Transcribe the records verbatim, images excluded.

BEGIN Source records

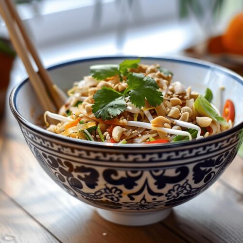 Pad Thai végétarien : Une version sans viande du plat de nouilles thaïlandaises, avec du tofu et des légumes croquants. Parfait pour un repas rapide et savoureux.
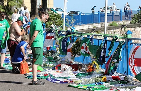 Các CĐV Bắc Ireland tưởng niệm người CĐV xấu số và đội tuyển của họ cũng tiếc thương người anh em biến nỗi buồn thành chiến thắng đầu tay của đội nhà. Ảnh: GETTY IMAGES
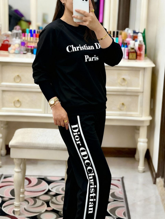 💞بلوز آستین بلند و شلوار⭕️ قواره دار⭕️کریستین دیور 💞جنس : سوپر اسپان گرم بالا 💞رنگ بندی : مشکی 💞سایز ها : فری38_48 🌹قد بلوز حدود 75 سانت 🌹دور سینه حدود 128 سانت 🌹قد آستین از سرشانه حدود 57 سانت 🌹قد شلوار حدود 100 سانت 🌹دور ران حدود 64 سانت 🌹دمپا حدود 30 سانت ⭕️فوووووول کش میباشد ⭕️قواره بزرگ ، خوش دوخت ، باکیفیت مطابق غیرژورنال، آستین ساده هست، کش بافت نیست.
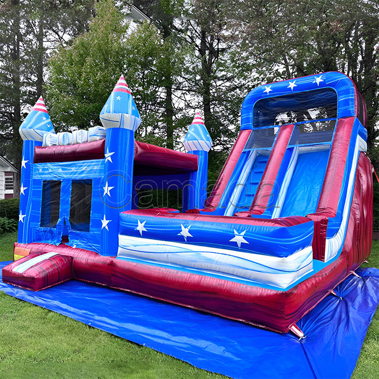 Vente flash Château gonflable combiné avec toboggan en marbre rouge et bleu étoile
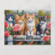 Carte Postale Joyeux Anniversaire Mignons Chats à la Clôture du
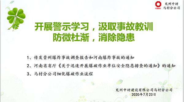 马村分公司于723日下午在会议室举行了“开展警示学习,汲取事故教训,牢筑安全防线”的会议,会议为大家转发了贵州凯里市舟溪镇3.19”较大爆炸事故调查报告》及河南栾川县爆炸事故有关情况、河南省省厅《关于迅速开展爆破作业单位安全隐患排查的通知》。同时为了认真贯彻“安全第一、预防为主”的方针,切实做好现场安全爆破作业,并规范管理使用民用爆炸物品的工作,从根本上消除爆破安全隐患,杜绝爆破事故的发生,实现安全生产,马村分公司参会人员学习爆破作业安全规程的相关知识。
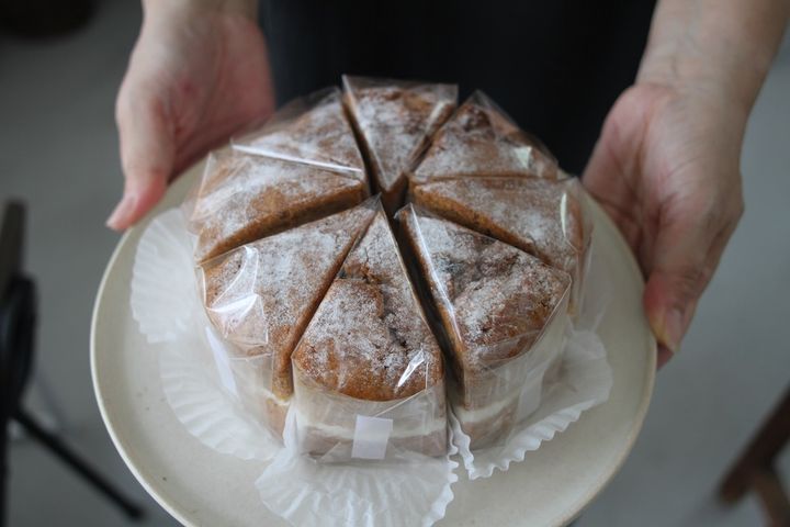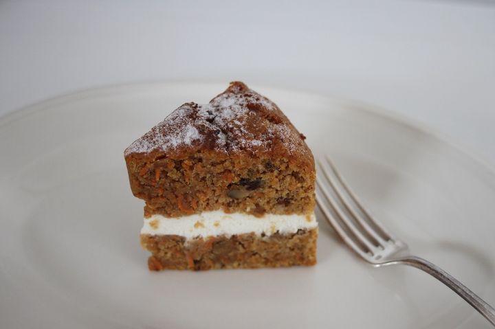 こちらの「キャロットケーキ」は、店主のお母さまの味を再現。ニンジン入りの生地には、レーズンやくるみ、イチジクもたっぷり入っています。シナモン・ナツメグ・クローブを加えて、ほんのりスパイシーな味わいに。間に挟んでいるクリームチーズバタークリームがいいアクセントに♪
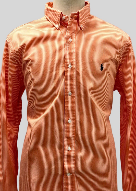 Camisa Polo Ralph Lauren 🏇🏼 con patron de rayas finas en color naranja y blanco Talla XL Entalle Regular
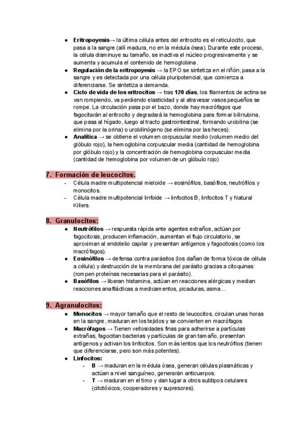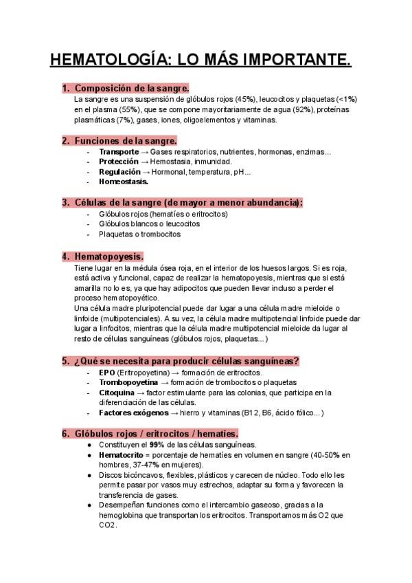 Esquema resumen completo con la información más importante para estudiar el tema de hematología.
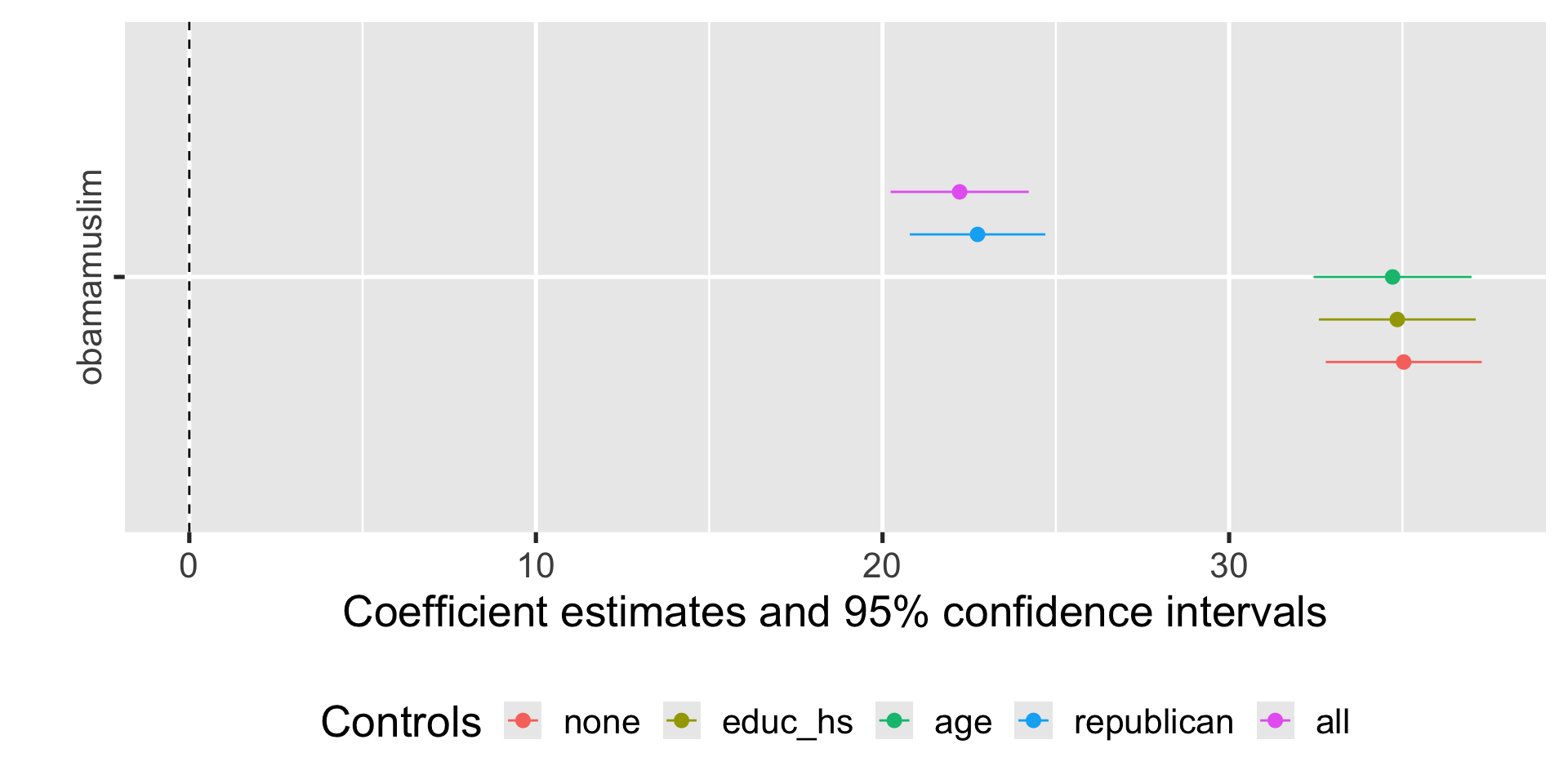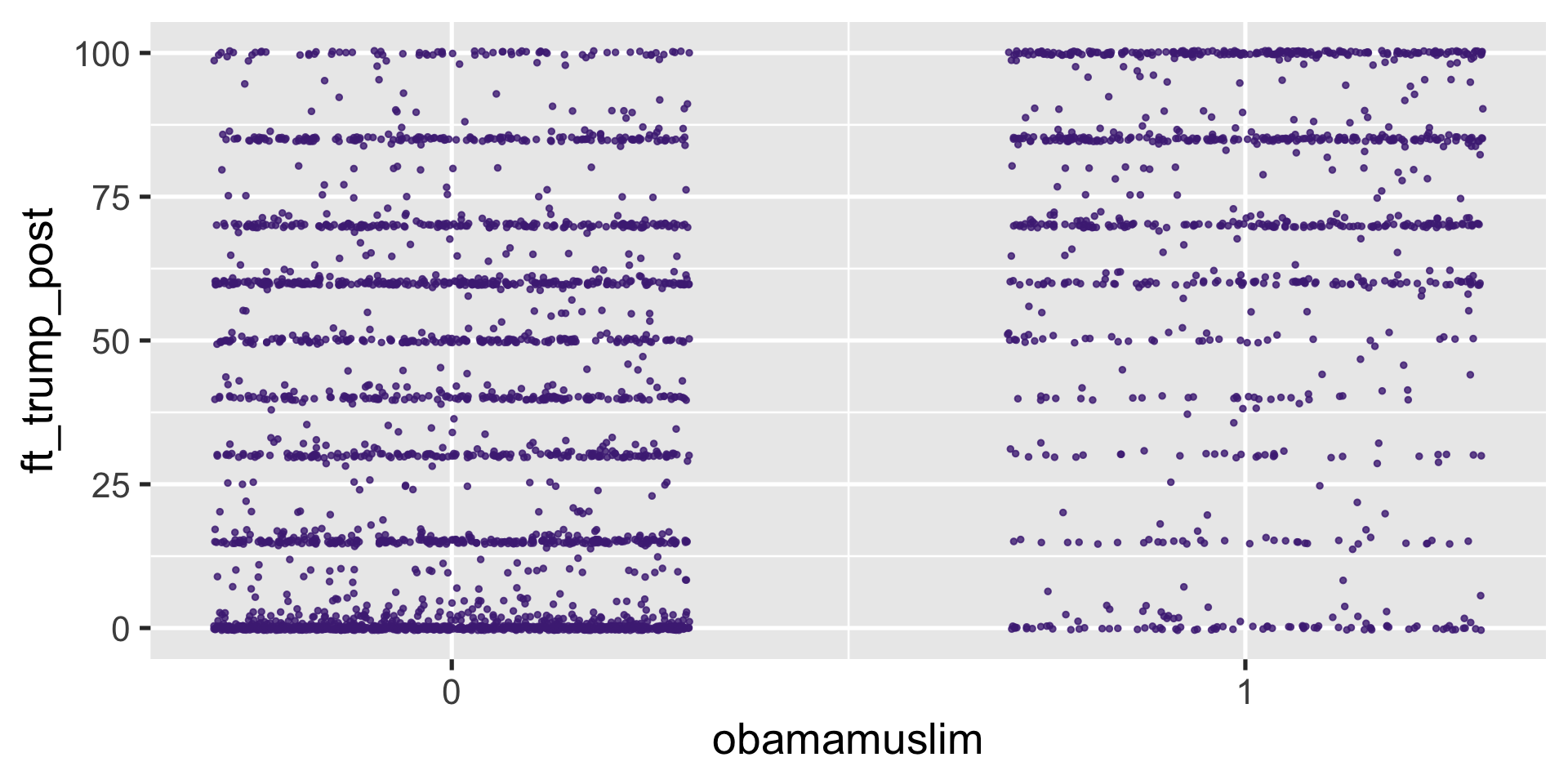 \(\widehat{\texttt{ft_trump_post}} = 20.367 + 22.74 \cdot \texttt{obamamuslim} + 37.53 \cdot \texttt{republican}\)

END Source records

Output of the exercise =>
 Pad Thai végétarien : Une version sans viande du plat de nouilles thaïlandaises, avec du tofu et des légumes croquants. Parfait pour un repas rapide et savoureux.
 Các CĐV Bắc Ireland tưởng niệm người CĐV xấu số và đội tuyển của họ cũng tiếc thương người anh em biến nỗi buồn thành chiến thắng đầu tay của đội nhà. Ảnh: GETTY IMAGES
 💞بلوز آستین بلند و شلوار⭕️ قواره دار⭕️کریستین دیور 💞جنس : سوپر اسپان گرم بالا 💞رنگ بندی : مشکی 💞سایز ها : فری38_48 🌹قد بلوز حدود 75 سانت 🌹دور سینه حدود 128 سانت 🌹قد آستین از سرشانه حدود 57 سانت 🌹قد شلوار حدود 100 سانت 🌹دور ران حدود 64 سانت 🌹دمپا حدود 30 سانت ⭕️فوووووول کش میباشد ⭕️قواره بزرگ ، خوش دوخت ، باکیفیت مطابق غیرژورنال، آستین ساده هست، کش بافت نیست.
 Vente flash Château gonflable combiné avec toboggan en marbre rouge et bleu étoile
 Carte Postale Joyeux Anniversaire Mignons Chats à la Clôture du
 马村分公司于723日下午在会议室举行了“开展警示学习,汲取事故教训,牢筑安全防线”的会议,会议为大家转发了贵州凯里市舟溪镇3.19”较大爆炸事故调查报告》及河南栾川县爆炸事故有关情况、河南省省厅《关于迅速开展爆破作业单位安全隐患排查的通知》。同时为了认真贯彻“安全第一、预防为主”的方针,切实做好现场安全爆破作业,并规范管理使用民用爆炸物品的工作,从根本上消除爆破安全隐患,杜绝爆破事故的发生,实现安全生产,马村分公司参会人员学习爆破作业安全规程的相关知识。
 こちらの「キャロットケーキ」は、店主のお母さまの味を再現。ニンジン入りの生地には、レーズンやくるみ、イチジクもたっぷり入っています。シナモン・ナツメグ・クローブを加えて、ほんのりスパイシーな味わいに。間に挟んでいるクリームチーズバタークリームがいいアクセントに♪
 Camisa Polo Ralph Lauren 🏇🏼 con patron de rayas finas en color naranja y blanco Talla XL Entalle Regular
 Esquema resumen completo con la información más importante para estudiar el tema de hematología.
 \(\widehat{\texttt{ft_trump_post}} = 20.367 + 22.74 \cdot \texttt{obamamuslim} + 37.53 \cdot \texttt{republican}\)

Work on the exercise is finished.